Short term the issue is blistering but longer term the surface just had the tires too hot, I think part of the pace is down to simply tires running hotter than Ferrari needed to keep them working well, both wearing quicker and not giving the same level of grip but I'm not convinced that was the only reason for the race pace. My assumption would be after getting into 2nd, and having had an engine failure in free practice they decided to bank on second and turn the engine down. The second pit stop, safety for tires, not convinced. I think they assumed after China that everyone would try to fix their mistake in that race and pit and just got caught out with terrible strategy. Without that pitstop they were going to get a comfortable second, slow, but faster wouldn't have gained them anything beyond extra engine wear.

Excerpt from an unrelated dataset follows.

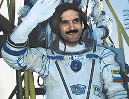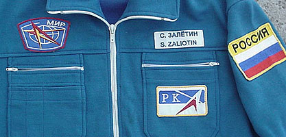 ![]() Left: The crew with their flight Sokols. Right: Kaleri just before launch. Note that there is no mission patch attached to the Sokol and that the Mir-patch is of the newest type, with the "M" out of center to the right.

AS with last year, there are tracks Ferrari will get pole I think due to this ability to get heat into tires and some of them are difficult to pass tracks which will bring them wins, but other tracks where worse tire wear will cost them wins like Cota last year. Merc/Hamilton just had an ability to conserve tire life way beyond what Ferrari could.

The ability to get heat into the tires is also one of the reasons Ferrari are often so good off the grid.

I think Ferrari will have similar issues at France and Silverstone, Pirelli think the resurfaced tracks are going to also generate a shedload of heat and I don't see why Ferrari wouldn't have similar issues.